Article by Marcelo Branquinho and Emílio Arimatéa, from TI Safe
The term smart city (smart city) refers to the composition of a city that makes use of digital technologies to interconnect, preserve and improve the lives of the population. Some examples of technologies used are: Intelligent and adaptable lighting according to need and demand, population monitoring by means of digital video, fire control management and public announcement systems, intelligent roads with warnings, messages and detours according to climatic conditions and unexpected events such as accidents or traffic jams, waste management with the detection of garbage levels in containers to optimize the garbage collection route, among others. However, all the benefits provided by the use of new technologies in cities can be wasted if due care is not taken with cybersecurity.
A smart city makes use of technologies related to IoT, IIoT and IoE for the functioning of its services and applications. These technologies can become a threat because those who provide the solutions usually have no sense of good cybersecurity practices. Cybersecurity systems are rarely implemented and, when a vulnerability is found, the service hardly stops working to be updated, as it is vital for society.
Smart cities are already a reality in the world and are considered the future. A good example is the city of Santander, in northern Spain. THE SmartSantander installed IoT devices to provide citizens with applications and services typical of a smart city. The city of 180 thousand inhabitants, which until recently received tourists interested especially in its beaches and in its historic center, started to attract the attention, also, of visitors passionate about technology. Groups from all over the world are now arriving to see Santander sensors, which measure everything from the amount of waste in containers to air pollution levels.

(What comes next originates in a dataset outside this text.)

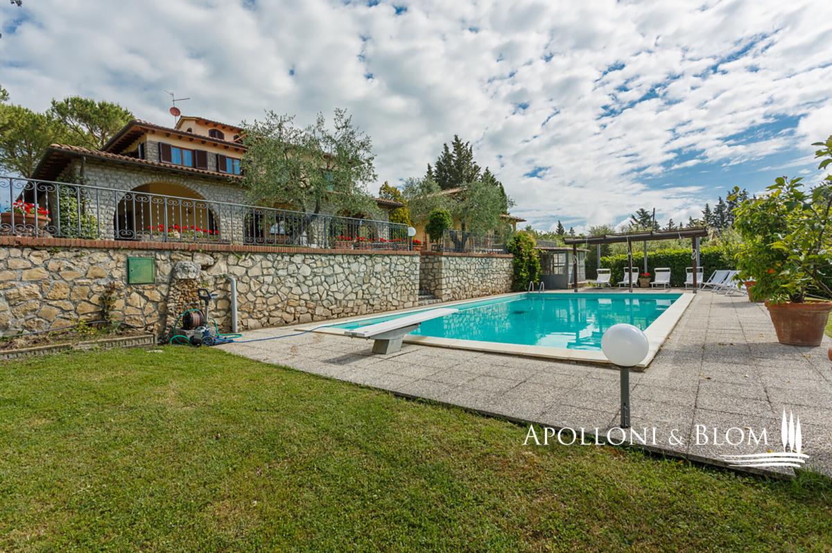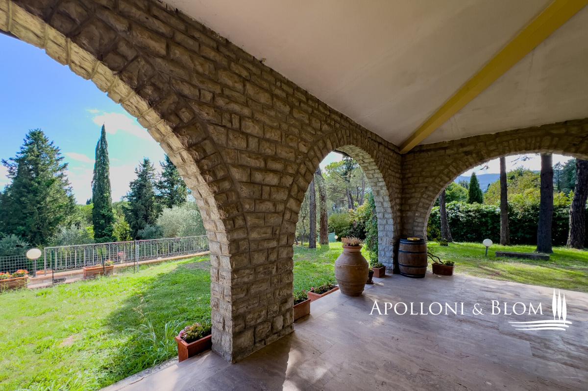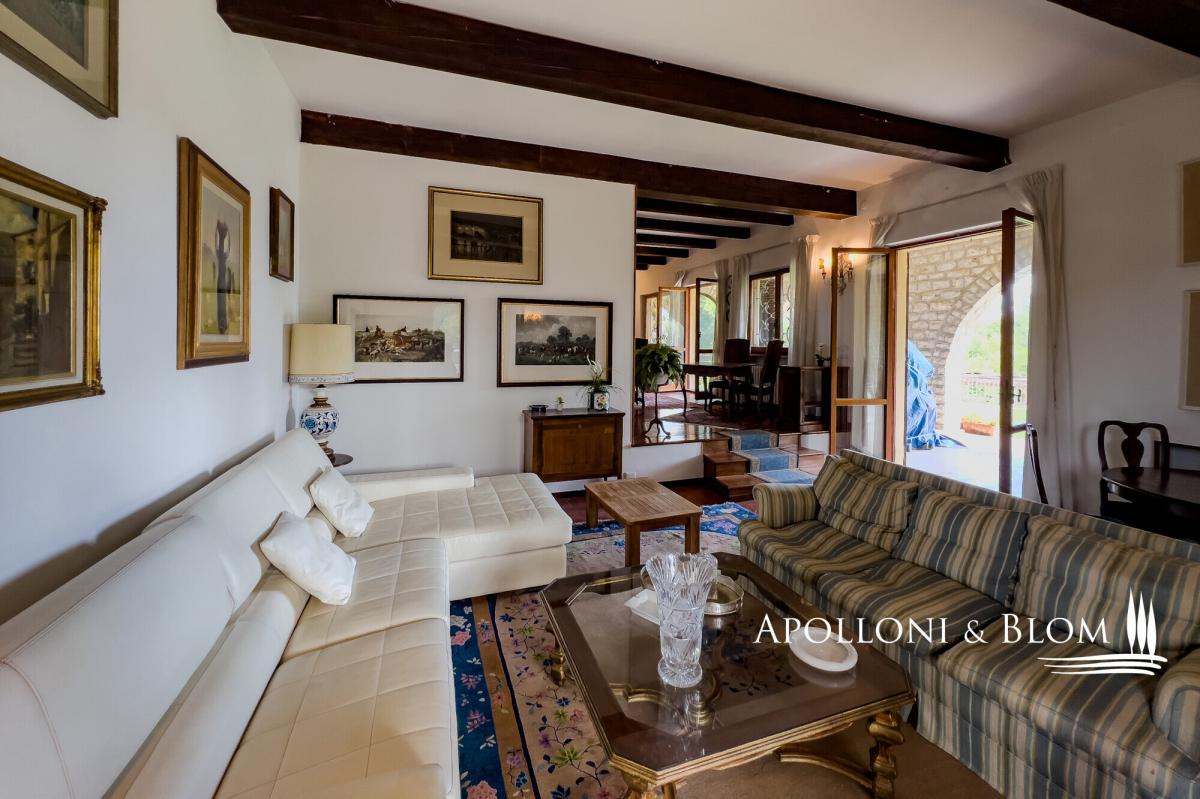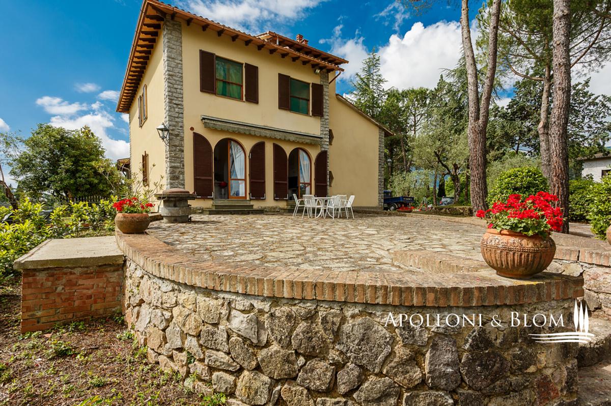 Nestled in a tranquil countryside setting, elegant three-storey villa with a grand stone portico, landscaped gardens and a panoramic swimming pool, for sale near Cetona. A ready-to-live villa exuding authentic Tuscan charm where timeless elegance meets modern comfort. Just one kilometre from the heart of Cetona, one of the most enchanting medieval towns on the border of Umbria and Tuscany, Villa Il Gran Portico enjoys a privileged south-facing position, bathing the interiors and gardens in natural light throughout the day. The residence unfolds across approximately 383 sq m (4,122 sq ft), arranged over three levels, and is embraced by a meticulously kept garden, complete with a panoramic swimming pool, shaded avenues of trees and with dual access: a grand driveway for vehicles and a separate pathway reserved for pedestrians. The stone portico, with its five arches sweeping across two façades, serves both as a distinguished entrance and as an elegant outdoor living area, the ideal stage for Tuscan days and evenings year-round. Inside, the villa captures the true spirit of the countryside: terracotta floors, exposed wooden beams, generous proportions and an atmosphere of understated refinement. On the ground floor, an elegant double reception with French doors opening onto the portico flows into a dining area with a fireplace. The kitchen, centred around a convivial island, offers dual garden access, an architectural arch and a second dining area with fireplace, creating a warm and welcoming heart of the home. The first floor reveals a dramatic double-height landing leading to three spacious double bedrooms, all air-conditioned and finished with parquet floors, served by two bathrooms. A large study, equally suited as a fourth bedroom, provides access to the attic, ideal for additional storage. The lower ground level accommodates service areas including laundry, technical rooms, a wine cellar and a garage. Its location is particularly privileged: only minutes from the A1 Autostrada del Sole and Chiusi railway station, a short drive to the celebrated thermal baths of San Casciano dei Bagni and within easy reach of the most captivating hill towns of both Tuscany and Umbria. A home that perfectly balances the serenity of the countryside with the convenience of proximity to essential services. PROPERTY Ref: CET3349 Location: Cetona, Province: Siena, Region: Tuscany Type: villa arranged over three levels, approx. 344 sq m/3,703 sq ft plus a basement garage of 39 sq m/ 420 sq ft with garden, swimming pool and two entrances to the property Year of construction: Year of restoration: Conditions: excellent Garden: 3000 sq m/ 0.74 acres fully enclosed, with a tree-lined driveway and two gated entrances Swimming pool: 12x7m, maximum depth 1.9 m, with sun terrace and technical rooms Utilities: Fixed telephone network: available Internet: available, to be connected Heating: methane Water: mains city supply + 1 well Electricity: available Water waste: mains city connection Distance from services: 1km Distance from main airports: Perugia 66km, Florence 140km, Rome 188km Gravel road: 200 mt Layout: Basement: Large utility room and garage, storage, cellar and plant room. Ground Floor: Entrance hall with wooden staircase to the upper floor, spacious double reception on split levels with fireplace and access to the outdoor living area under the portico, kitchen with central island and dining area with fireplace, one bathroom with window. First Floor: Striking double-height landing leading to three double bedrooms, all with air conditioning, two bathrooms, and a large study (or fourth bedroom) with access to the upper floor. Second Floor: Attic used for storage- garden

SmartSantander started being developed in 2010 by a team from University of Cantabria. Researchers and programmers installed hundreds of sensors on the asphalt to manage the limited number of places available in the city center. The project cost € 8,5 million, mostly financed by the European Union, which sponsored the initiative with € 6 million. The Cantabrian government also contributed € 500.
On the one hand, the research community benefits from the implementation of a unique infrastructure, which allows real field experiences, while on the other, citizens enjoy different applications that meet their needs.
Since then, more than 12 sensors have been installed in the city in the following areas: availability of parking, lighting, waste management, traffic and information about the bus. Collecting data through these sensors can lead to significant improvements in the way the city's infrastructure is used and a better understanding of urban issues.
The data is sent to a central that analyzes the information in real time and gives the city authorities information that allows them to adjust the amount of energy they use on the streets, the number of trucks needed for garbage collection during the week and the volume of water used to irrigate city parks. As a result, the city has already reduced its electricity costs by 25%, and by 20% with garbage collection.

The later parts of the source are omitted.